Should U.S. Intervene In Jasmine Revolutions In Africa, Asia, Libya?
Written by  // Monday, 07 March 2011 13:08 //

Are we embarking upon a new paradigm with the reaction to the “Jasmine Revolution”?


Traditionally, national boundaries have been inviolable.  What happened within a nation was that country’s business and no other country or group of countries had the right to intervene.  


The impact of intervention has to be carefully calculated. Note the American Civil War. More men died in this conflict than in all of America’s other wars combined.  Over 460,000 soldiers perished during that four year conflict.   Despite the horrors, foreign nations kept their distance.  It was an American affair.  Consider…what if Great Britain or France had been so outraged about the carnage that they had demanded a negotiated settlement?   What would our nation look like today?  How much longer would the South have embraced slavery?

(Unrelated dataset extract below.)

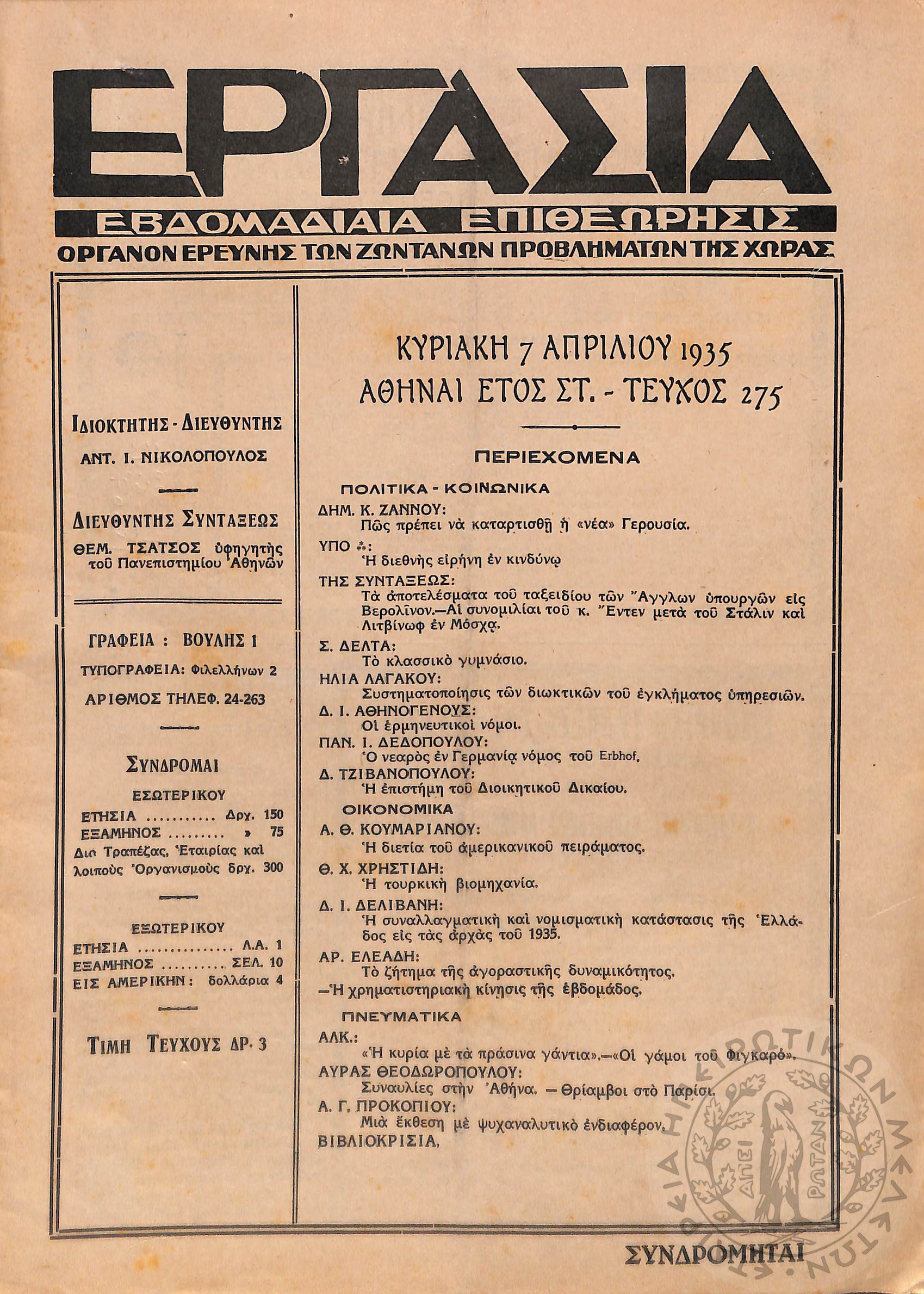 Εργασία: εβδομαδιαία επιθεώρησις όργανον ερεύνης των ζωντανών προβλημάτων της χώρας (τεύχ. 275)Έτος ΣΤ΄, τεύχ. 275...
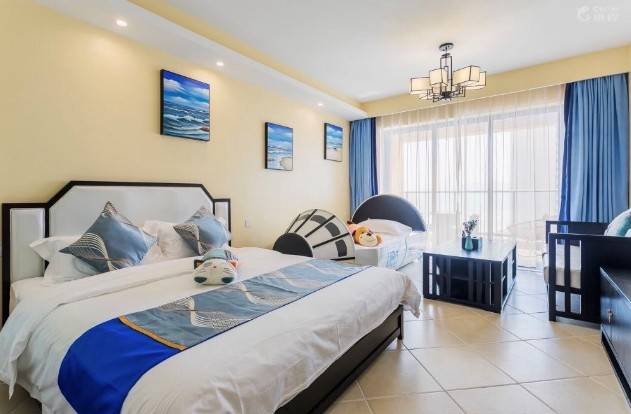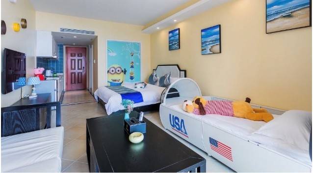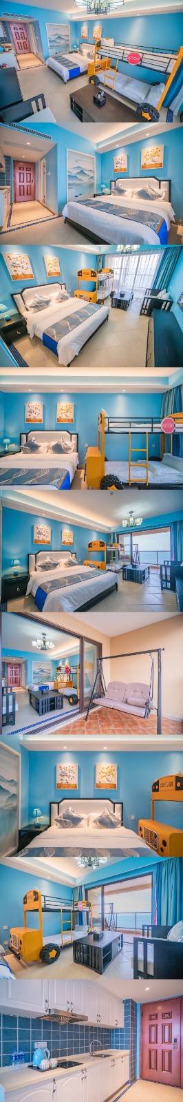 2、房型介绍:亲子主题装修风格,1.8米大床房+1.2米小床或上下床,房间带有阳台,可看到海景,配有一次性的洗漱用品,酒店距离沙滩大约步行5分钟

When we look at the world today, revolutions are the norm.  Most of Africa is in turmoil from Zimbabwe to Libya, from the Ivory Coast to Somalia.   The same applies to the Middle East.  In each of these nations people have taken a public stand against their government, but have all the people done so?  Or, is the outrage expressed by a very vocal minority within camera range? Note: the signs are in English.  


Egypt has 80 million people, but the media reported only about 1 million took to the streets even after success had been achieved.  Why so few; only 1.25% of the population?  How representative is the popular revolution there?  Are the majority more concerned about civil war and chaos?  What is really going on?


In some instances the governments have fallen like Egypt and Tunisia.  Other governments have responded with counter-attacks to maintain their position like Yemen, Iran, and Libya.  The bloodshed may be horrific, but nothing on the scale of Rwanda.


Thus the question arises. At what point do foreign nations employ their influence, treasure, manpower, and military might to intervene in the internal affairs of another country to determine its fate?    Is there really anything the West can do?  Perhaps the bigger question is: “Is there anything the West should do?”


Consider the issue carefully.   What would happen if two million people descended upon Washington D.C. and violently demanded that the President and Congress should resign? The image would fill the field of a camera’s view.  Would Americans merely cast aside our constitution to satisfy the whims of this .65% of the population?  What of the beliefs of the other 306 million citizens? Do their concerns not matter?


Worse, suppose these people became violent and military force was needed to re-impose order.  Would the United States face condemnation and invasion by foreign powers that support the dissident cause? 


The point being, the world had better be very careful in its response to the problems that are unfolding around the globe.   Embarking upon a policy of intervention can have unintended consequences far beyond the benevolent dreams of proponents.  It is a dangerous door to walk through.


Certainly, it is difficult to merely stand by and watch terror unfold, but once you step in you own the problem!   Could the eventual outcome prove to be worse for the people than the “abusive government” replaced?  Iran? Zimbabwe? 


Furthermore, once this new interventionist  policy is in place, one must ask: would Western Europe and the United States invade China should another Tiananmen Square event like that in 1989 occur?  Or, is this policy conveniently directed only against weak third world nations?


There is a lot to consider!  America had best look very carefully before it leaps!!!